Building an ultrasound device for a changing health care system
April 28, 2014
by Loren Bonner
, DOTmed News Online Editor
The world's first smartphone-based ultrasound system from the company Mobisante gained U.S. Food and Drug Administration approval in 2011. Since that time adoption has been widespread, according to Mobisante's CEO and co-founder, Sailesh Chutani. In the U.S., interest has stemmed mainly from the primary care and urgent care setting. Globally, many public health workers take the device with them on trips.
DOTmed News spoke with Chutani about his product and taking a consumer-oriented approach to medical device innovation.
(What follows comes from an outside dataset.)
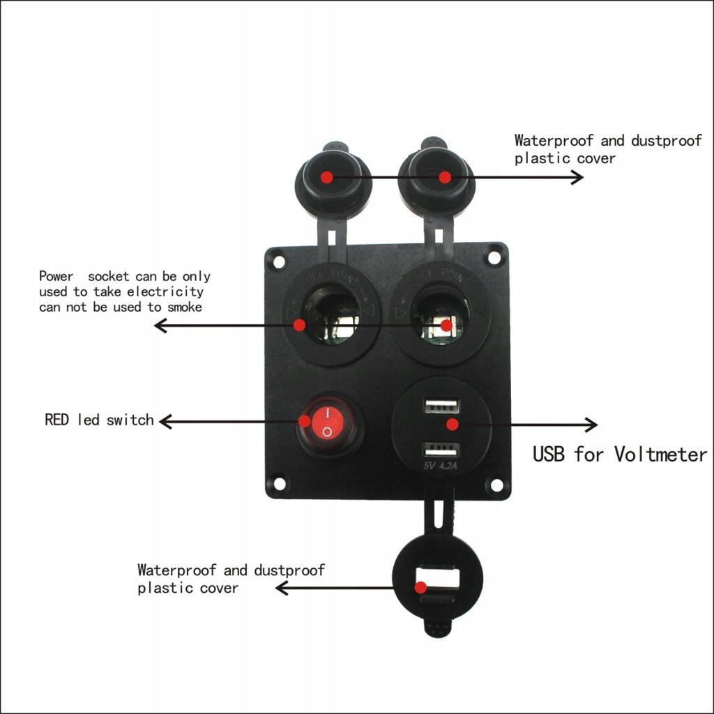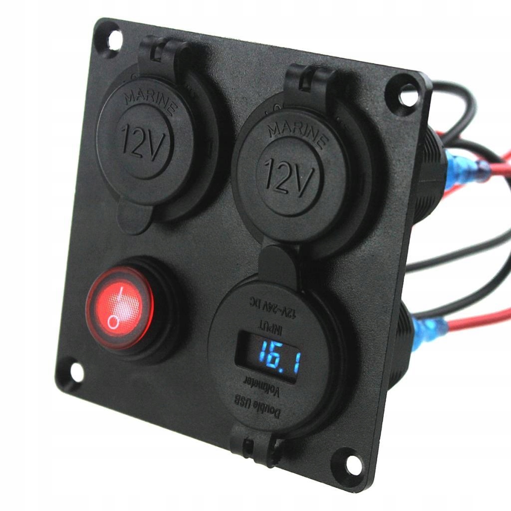 Эта панель с четырьмя отверстиями содержит 2 USB-разъема для зарядного устройства (выход: 5 В постоянного тока / 2,1 А) + вольтметр + розетка 12 В (выход: 12 В постоянного тока) + тумблер, они взаимозаменяемы.

DMN: What was the genesis of Mobisante?
SC: While I was at Microsoft, I started to look at mobile in the context of health care education and finance, mostly in the developing world. That's where I started in 2004. Around that time the phone was the platform of choice. I started to invest in that, and then one area that seemed promising was developing diagnostic sensors that could work with smartphones. The idea was that you can start to use them as a connected computer element and if you had diagnostic sensors then you could conceive of building a powerful platform that every health care provider in world could use — you could use it for imaging, vital signs, and be connected so that you can send images for interpretation. Eventually you start to increase the care you provide at the front lines in rural communities. And if they are in network, you get a global view of what's happening. That was the big vision.
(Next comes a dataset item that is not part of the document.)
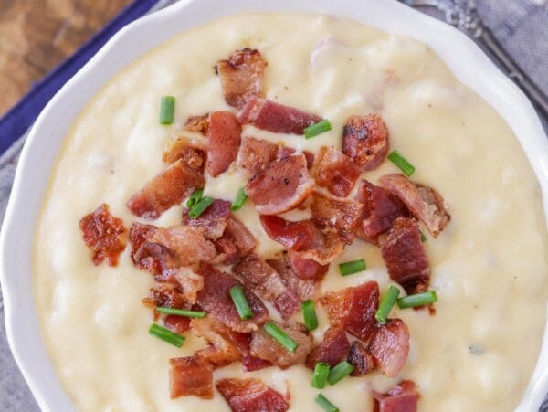 - toppings – sour cream, Greek yogurt, chives, chopped bacon, shredded sharp cheddar cheese, or your favorite cheese

After doing this for four years, I got excited to build that platform. And what's the most useful modality that would have value right away? Ultrasound. So we focused on that. My business partner from Washington University and I got together and started the company with funding from two community clinics in eastern Washington.
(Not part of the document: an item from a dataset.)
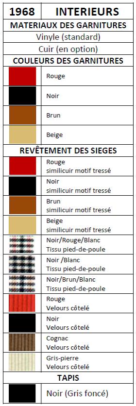 | Innen Details : - Das Armaturenbrett ist aus gebürstetem Aluminium oder Vinyl in Flechtoptik oder sogar Vinyl in Cracked-Optik (ziemlich selten). - Die Tasten auf dem Armaturenbrett sind jetzt mit Gummi überzogen. - Die Beschriftung der Instrumente wechselt von grün auf weiß und die Zähler sind schwarz statt chrom umrandet. - Der Lenkradkranz ist mit Leder bezogen (Holz ist optional immer möglich). - Die Innenverkleidung der Türen ist spezifisch für den Jahrgang 1968 mit einer starren Tasche unter der Armlehne (früher war die Tasche flexibel und nahm die gesamte Breite der Tür ein). Auf der Beifahrerseite befindet sich ein Haltegriff. |

DMN: Why do you think they thought your product was worth investing in?
SC: They thought our device could help them provide care in remote communities where they usually send people elsewhere for imaging and it could reduce the amount of referrals and the unnecessary ER visits because you can start to do a lot of rule-outs. For example, with abdominal pain, you want to rule out certain kinds of internal bleeding and if you don't have access to ultrasound, you have to send someone to the ER if you have doubts. And many times the abdominal pain is just gas.
It sounded like there was enough need for this in U.S. as health care moves closer to the patients. You want to put more care into the hands of more mid-level professionals. If we can move care out of the hospital and in to the hands of mid-levels that allows you to reduce costs and increase access at the same time. Our device becomes like a catalyst to make that happen.
So we started in global health but we found there was a big need in the U.S., and the rollout of the Affordable Care Act has started to help us too: if any entity is not part of an ACO and they have some risk sharing, they have incentive now to not do unnecessary referrals and do as many rule-outs and as many in-house patient procedures as they can.
We were cleared by the FDA for a fairly broad range of indications. From a market perspective, we focus on quick-look triage rule-out procedures.
DMN: Can you describe what the device looks like?
SC: It connects to a smart phone or a tablet and there is a different probe with different frequencies and clinical uses, which connects to a smart phone or tablet. Then we run our specialized software that gives you a portable handheld and connected ultrasound system that you can carry with you.
DMN: Although ultrasound is normally in real-time, does it integrate with PACS or an electronic medical record?
SC: Yes. We leverage network connectivity to also give you access to a cloud-based PACS we run. We haven't launched that yet, we are just in beta. But the whole idea is that you get the device and options to connect to cloud storage, and then once you have that, we can connect you to a 24/7 radiology network if you need it. If you have your own PACS, our system generates images in DICOM so you can export directly to hospital PACS. Smaller practices normally don't have image management systems, it's expensive, and we can also help them with that.
DMN: What are some improvements you plan to make to the device going forward?
SC: There are a few vectors. The real innovation here is using commodity electronics to build medical devices. With say GE or Siemens, the approach in the last 20 years has been to do everything custom-the hardware and probes. The reason that approach came about is because 20 years ago that was the only way you could have ultrasound imaging that was good. Then in 2008-2009, QUALCOMM came out with chips that packed one GHz computing in the phone, and that gives real-time image processing. QUALCOMM and other companies like it just keep making this stuff cheaper and faster. If I could use consumer electronics like smart phones as building blocks for imaging systems, I get a free ride because costs keep going down and quality keeps going up and I can pass that onto the consumer. That's pretty innovative.
The second piece: With the cloud, we can now roll out software and give you additional functionality and in a different manner than traditional devices because of our connectivity. Storage is first but you can foresee analytics too.
And the third vector: As different diagnostic sensors evolve, we can integrate those on our platform — can we create powerful diagnostic platforms that every health care provider can carry. Eventually, we can integrate into one.